DataFrame#

The DataFrame class is the primary data structure in Polars-PHP. It represents a two-dimensional, size-mutable, potentially heterogeneous tabular data structure with labeled columns.

Constructor#

Create a new DataFrame from a PHP array.

param array $data:: Associative array where keys are column names and values are arrays of column data
param bool $byKeys:: Whether to parse data by keys (default: true)
raises Polars\Exception:: If data cannot be converted to DataFrame

Example:

$df = new DataFrame([
    'name' => ['Alice', 'Bob', 'Charlie'],
    'age' => [25, 30, 35],
    'city' => ['NYC', 'LA', 'Chicago']
]);

Static Methods#

readCsv#

Read a DataFrame from a CSV file.

param string $path:: Path to the CSV file
param bool $hasHeader:: Whether the first row contains column headers (default: true)
param string $separator:: Column separator character (default: “,”)
returns:: DataFrame
raises Polars\Exception:: If file cannot be read or parsed

Example:

$df = DataFrame::readCsv('data.csv');
$df = DataFrame::readCsv('data.tsv', hasHeader: true, separator: "\t");

readJson#

Read a DataFrame from a JSON file.

param string $path:: Path to the JSON file
returns:: DataFrame
raises Polars\Exception:: If file cannot be read or parsed

Example:

$df = DataFrame::readJson('data.json');

readNdjson#

Read a DataFrame from a NDJSON (newline-delimited JSON) file.
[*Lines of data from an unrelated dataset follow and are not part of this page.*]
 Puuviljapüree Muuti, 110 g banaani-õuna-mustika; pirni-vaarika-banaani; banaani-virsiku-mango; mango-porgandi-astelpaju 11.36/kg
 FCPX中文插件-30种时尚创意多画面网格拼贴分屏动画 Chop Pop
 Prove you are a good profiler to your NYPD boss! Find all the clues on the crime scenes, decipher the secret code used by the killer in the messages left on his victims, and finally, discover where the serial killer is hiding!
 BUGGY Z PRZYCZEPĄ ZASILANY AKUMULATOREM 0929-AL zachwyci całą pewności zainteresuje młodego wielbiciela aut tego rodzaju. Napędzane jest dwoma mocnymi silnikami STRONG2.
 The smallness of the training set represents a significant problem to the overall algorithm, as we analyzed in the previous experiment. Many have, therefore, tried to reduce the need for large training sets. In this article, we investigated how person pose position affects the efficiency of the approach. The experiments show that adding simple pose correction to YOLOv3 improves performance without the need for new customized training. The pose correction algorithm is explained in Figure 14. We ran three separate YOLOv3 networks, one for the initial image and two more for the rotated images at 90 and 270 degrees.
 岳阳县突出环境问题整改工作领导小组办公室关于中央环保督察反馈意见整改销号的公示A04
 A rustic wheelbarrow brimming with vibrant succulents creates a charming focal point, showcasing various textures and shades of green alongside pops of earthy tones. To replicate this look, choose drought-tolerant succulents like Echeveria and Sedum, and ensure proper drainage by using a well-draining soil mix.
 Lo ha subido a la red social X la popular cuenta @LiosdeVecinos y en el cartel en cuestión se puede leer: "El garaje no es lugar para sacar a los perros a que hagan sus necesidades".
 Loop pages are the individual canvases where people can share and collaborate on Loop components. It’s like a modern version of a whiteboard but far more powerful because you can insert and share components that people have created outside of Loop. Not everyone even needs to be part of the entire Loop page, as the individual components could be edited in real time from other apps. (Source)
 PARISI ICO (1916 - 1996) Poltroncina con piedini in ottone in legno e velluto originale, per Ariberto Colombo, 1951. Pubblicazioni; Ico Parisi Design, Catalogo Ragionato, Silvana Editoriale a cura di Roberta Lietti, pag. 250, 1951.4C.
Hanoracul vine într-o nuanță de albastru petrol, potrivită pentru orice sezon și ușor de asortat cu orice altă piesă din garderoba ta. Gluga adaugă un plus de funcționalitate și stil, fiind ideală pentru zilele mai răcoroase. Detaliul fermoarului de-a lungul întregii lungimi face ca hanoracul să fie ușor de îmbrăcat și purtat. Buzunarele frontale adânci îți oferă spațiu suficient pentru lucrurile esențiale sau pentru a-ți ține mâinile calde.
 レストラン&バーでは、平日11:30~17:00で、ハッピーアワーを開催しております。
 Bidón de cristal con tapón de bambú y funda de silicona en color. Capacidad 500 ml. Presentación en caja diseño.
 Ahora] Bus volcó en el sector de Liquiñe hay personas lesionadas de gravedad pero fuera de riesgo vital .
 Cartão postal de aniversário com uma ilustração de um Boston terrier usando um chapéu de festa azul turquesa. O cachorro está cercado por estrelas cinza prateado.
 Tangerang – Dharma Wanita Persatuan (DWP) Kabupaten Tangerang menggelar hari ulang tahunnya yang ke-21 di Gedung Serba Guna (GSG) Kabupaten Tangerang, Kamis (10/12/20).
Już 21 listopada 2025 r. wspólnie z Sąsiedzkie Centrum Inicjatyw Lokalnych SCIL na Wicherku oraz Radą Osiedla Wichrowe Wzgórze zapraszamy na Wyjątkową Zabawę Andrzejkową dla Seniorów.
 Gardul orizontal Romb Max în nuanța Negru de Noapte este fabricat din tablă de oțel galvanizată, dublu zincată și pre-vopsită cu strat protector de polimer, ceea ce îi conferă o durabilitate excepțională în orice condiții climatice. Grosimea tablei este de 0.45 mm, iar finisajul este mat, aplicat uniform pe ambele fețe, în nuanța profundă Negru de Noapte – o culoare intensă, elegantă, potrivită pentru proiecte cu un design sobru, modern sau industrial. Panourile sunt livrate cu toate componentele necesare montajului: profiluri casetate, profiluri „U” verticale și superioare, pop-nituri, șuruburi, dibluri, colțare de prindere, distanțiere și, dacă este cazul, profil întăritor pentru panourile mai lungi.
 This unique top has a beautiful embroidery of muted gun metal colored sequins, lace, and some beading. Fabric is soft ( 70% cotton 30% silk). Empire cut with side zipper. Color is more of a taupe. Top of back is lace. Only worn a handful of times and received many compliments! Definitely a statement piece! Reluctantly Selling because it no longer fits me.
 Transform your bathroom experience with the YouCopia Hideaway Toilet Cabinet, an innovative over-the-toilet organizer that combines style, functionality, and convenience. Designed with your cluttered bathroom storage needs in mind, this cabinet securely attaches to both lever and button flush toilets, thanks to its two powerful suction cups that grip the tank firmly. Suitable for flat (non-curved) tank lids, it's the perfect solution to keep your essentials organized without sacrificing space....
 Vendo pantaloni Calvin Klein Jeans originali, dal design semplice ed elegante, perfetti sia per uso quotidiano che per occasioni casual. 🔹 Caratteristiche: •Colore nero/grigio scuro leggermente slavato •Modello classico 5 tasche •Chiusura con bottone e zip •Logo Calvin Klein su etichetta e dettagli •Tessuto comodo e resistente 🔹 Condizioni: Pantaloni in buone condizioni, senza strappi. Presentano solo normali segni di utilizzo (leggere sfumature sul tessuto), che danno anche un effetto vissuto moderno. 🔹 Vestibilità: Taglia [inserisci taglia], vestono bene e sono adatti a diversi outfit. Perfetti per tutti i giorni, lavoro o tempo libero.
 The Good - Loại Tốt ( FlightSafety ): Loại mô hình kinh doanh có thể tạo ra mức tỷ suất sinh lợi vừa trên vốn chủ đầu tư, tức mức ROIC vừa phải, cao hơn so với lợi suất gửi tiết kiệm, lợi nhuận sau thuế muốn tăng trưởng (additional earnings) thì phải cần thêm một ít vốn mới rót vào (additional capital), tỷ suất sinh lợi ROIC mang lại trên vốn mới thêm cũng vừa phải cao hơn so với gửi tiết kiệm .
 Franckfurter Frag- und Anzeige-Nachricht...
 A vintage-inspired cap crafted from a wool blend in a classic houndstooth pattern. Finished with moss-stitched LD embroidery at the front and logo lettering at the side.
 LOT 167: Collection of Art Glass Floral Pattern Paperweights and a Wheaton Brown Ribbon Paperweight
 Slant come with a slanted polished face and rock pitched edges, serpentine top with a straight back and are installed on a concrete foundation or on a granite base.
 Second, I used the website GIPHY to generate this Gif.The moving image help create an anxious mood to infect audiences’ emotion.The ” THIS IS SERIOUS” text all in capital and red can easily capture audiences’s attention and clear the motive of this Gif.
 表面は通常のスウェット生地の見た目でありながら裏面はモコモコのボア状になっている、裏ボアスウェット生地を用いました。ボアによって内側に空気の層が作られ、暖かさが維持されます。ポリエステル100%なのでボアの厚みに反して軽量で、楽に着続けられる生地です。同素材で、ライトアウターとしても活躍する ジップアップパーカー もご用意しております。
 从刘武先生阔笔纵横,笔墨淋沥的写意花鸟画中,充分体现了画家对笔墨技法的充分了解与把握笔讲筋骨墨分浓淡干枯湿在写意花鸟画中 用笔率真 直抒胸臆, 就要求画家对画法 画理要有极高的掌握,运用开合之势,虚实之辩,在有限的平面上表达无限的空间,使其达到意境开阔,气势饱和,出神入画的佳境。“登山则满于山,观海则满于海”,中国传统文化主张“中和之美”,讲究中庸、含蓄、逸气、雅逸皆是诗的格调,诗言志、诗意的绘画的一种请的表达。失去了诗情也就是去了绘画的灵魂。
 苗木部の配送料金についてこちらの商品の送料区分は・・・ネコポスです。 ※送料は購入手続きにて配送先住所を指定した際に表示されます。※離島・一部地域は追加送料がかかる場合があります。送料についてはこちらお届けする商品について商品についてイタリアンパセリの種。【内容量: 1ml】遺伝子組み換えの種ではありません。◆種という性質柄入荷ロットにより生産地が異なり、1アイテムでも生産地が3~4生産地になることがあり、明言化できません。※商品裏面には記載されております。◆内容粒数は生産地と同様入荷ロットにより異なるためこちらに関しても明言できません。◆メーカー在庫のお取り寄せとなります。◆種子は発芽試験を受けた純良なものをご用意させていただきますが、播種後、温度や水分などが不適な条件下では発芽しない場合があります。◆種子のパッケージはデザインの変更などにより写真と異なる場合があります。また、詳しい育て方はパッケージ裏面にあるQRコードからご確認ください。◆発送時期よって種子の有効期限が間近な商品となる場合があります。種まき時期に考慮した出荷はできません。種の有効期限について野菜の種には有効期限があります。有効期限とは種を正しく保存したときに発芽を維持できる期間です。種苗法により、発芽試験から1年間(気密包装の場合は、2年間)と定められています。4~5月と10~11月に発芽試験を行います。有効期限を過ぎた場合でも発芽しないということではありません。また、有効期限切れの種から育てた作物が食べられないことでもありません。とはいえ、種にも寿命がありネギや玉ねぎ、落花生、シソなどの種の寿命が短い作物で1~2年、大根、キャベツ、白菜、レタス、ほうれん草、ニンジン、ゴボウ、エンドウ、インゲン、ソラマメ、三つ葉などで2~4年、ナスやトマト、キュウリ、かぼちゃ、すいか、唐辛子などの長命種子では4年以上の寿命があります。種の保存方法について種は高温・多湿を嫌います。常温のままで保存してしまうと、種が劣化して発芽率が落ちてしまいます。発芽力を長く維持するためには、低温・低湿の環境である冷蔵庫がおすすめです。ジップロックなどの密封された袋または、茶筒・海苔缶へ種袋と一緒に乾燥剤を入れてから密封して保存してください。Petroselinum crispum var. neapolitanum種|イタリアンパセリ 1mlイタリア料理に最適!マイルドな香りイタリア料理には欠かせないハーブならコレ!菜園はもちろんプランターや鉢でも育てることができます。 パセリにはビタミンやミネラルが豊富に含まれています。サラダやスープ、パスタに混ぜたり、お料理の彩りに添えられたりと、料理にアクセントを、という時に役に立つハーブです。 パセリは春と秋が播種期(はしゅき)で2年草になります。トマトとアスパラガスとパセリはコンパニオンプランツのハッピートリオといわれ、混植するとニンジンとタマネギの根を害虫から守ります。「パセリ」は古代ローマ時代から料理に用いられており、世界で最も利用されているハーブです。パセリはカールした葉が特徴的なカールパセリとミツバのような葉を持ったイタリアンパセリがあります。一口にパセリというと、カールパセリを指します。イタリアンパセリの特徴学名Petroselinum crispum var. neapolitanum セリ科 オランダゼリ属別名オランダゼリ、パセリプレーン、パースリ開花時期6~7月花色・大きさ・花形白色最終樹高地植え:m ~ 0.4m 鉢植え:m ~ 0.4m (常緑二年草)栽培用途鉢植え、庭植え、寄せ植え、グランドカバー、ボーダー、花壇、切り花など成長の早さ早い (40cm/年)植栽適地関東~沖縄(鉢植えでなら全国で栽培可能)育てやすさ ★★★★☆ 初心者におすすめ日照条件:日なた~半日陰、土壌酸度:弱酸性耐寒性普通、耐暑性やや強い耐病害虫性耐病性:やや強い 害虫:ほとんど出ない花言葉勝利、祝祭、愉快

param string $path:: Path to the NDJSON file
returns:: DataFrame
raises Polars\Exception:: If file cannot be read or parsed

Example:

$df = DataFrame::readNdjson('data.ndjson');

readParquet#

Read a DataFrame from a Parquet file.

param string $path:: Path to the Parquet file
returns:: DataFrame
raises Polars\Exception:: If file cannot be read or parsed

Example:

$df = DataFrame::readParquet('data.parquet');

Properties#

getColumns / setColumns#

Get column names as an array of strings.

returns:: string[] - Array of column names

Set column names.

param array $columns:: Array of new column names (must match current column count)
raises Polars\Exception:: If column count doesn’t match

Example:

$columns = $df->getColumns(); // ['name', 'age', 'city']
$df->setColumns(['first_name', 'years', 'location']);

dtypes#

Get data types of all columns.

returns:: DataType[] - Array of DataType objects

Series Access#

column#

Get a single column as a Series.

param string $name:: Column name
returns:: Series
raises Polars\Exception:: If column doesn’t exist

Example:

$df = new DataFrame([
    'a' => [1, 2, 3],
    'b' => [4, 5, 6],
]);

$series = $df->column('a');
$series->getName(); // 'a'
$series->sum();     // 6

getSeries#

Get all columns as an array of Series.

returns:: Series[] - Array of Series objects

Example:

$df = new DataFrame([
    'x' => [1, 2],
    'y' => [3, 4],
]);

$seriesArr = $df->getSeries();
// $seriesArr[0] is Series 'x'
// $seriesArr[1] is Series 'y'

Dimensions#

height#

Get the number of rows in the DataFrame.

returns:: int - Number of rows

width#

Get the number of columns in the DataFrame.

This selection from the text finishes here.